Dataset section:
+ + + + + + +

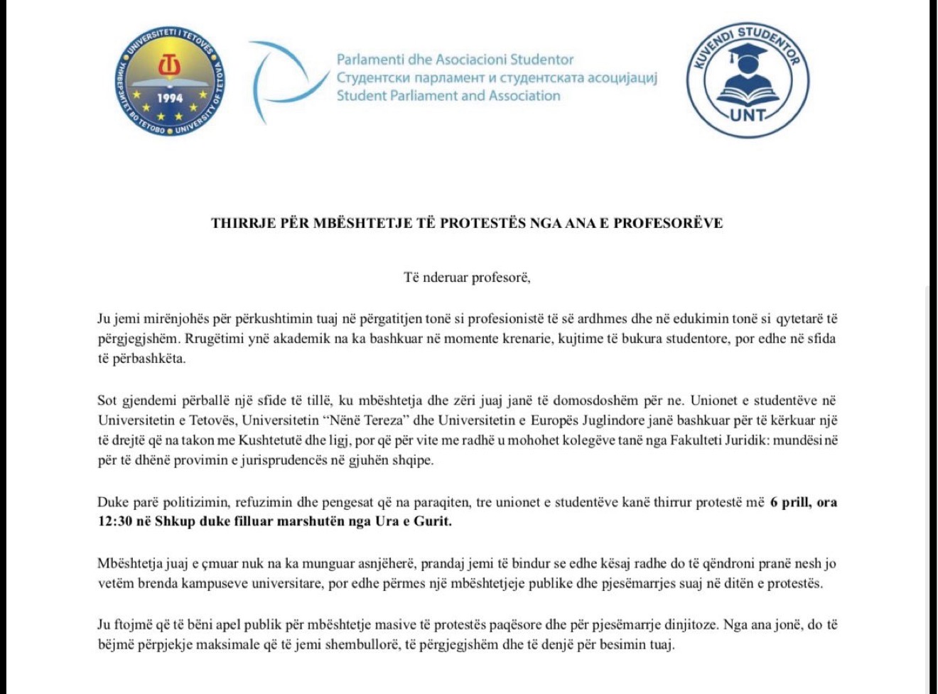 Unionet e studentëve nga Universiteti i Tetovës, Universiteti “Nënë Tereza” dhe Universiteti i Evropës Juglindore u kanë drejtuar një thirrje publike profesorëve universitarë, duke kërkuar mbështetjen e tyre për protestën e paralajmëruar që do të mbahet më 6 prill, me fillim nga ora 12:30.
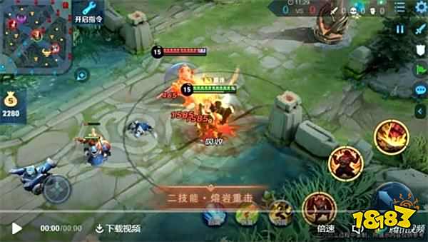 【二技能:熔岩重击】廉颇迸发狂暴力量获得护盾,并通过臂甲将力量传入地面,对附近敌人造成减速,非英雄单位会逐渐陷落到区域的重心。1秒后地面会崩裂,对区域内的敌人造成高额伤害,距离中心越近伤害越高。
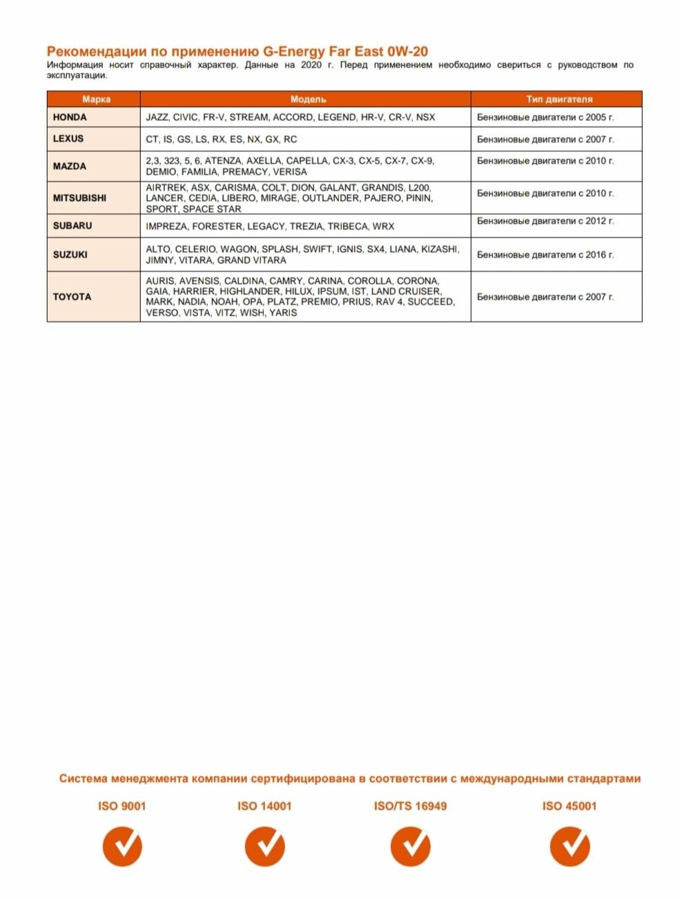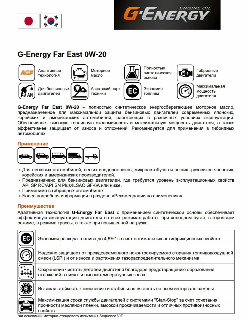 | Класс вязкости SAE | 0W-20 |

+ + + + + + +

What is required: Transcribe the listing word for word, but keep its pictures out of the copy.

Task response:
 Unionet e studentëve nga Universiteti i Tetovës, Universiteti “Nënë Tereza” dhe Universiteti i Evropës Juglindore u kanë drejtuar një thirrje publike profesorëve universitarë, duke kërkuar mbështetjen e tyre për protestën e paralajmëruar që do të mbahet më 6 prill, me fillim nga ora 12:30.
 【二技能:熔岩重击】廉颇迸发狂暴力量获得护盾,并通过臂甲将力量传入地面,对附近敌人造成减速,非英雄单位会逐渐陷落到区域的重心。1秒后地面会崩裂,对区域内的敌人造成高额伤害,距离中心越近伤害越高。
 | Класс вязкости SAE | 0W-20 |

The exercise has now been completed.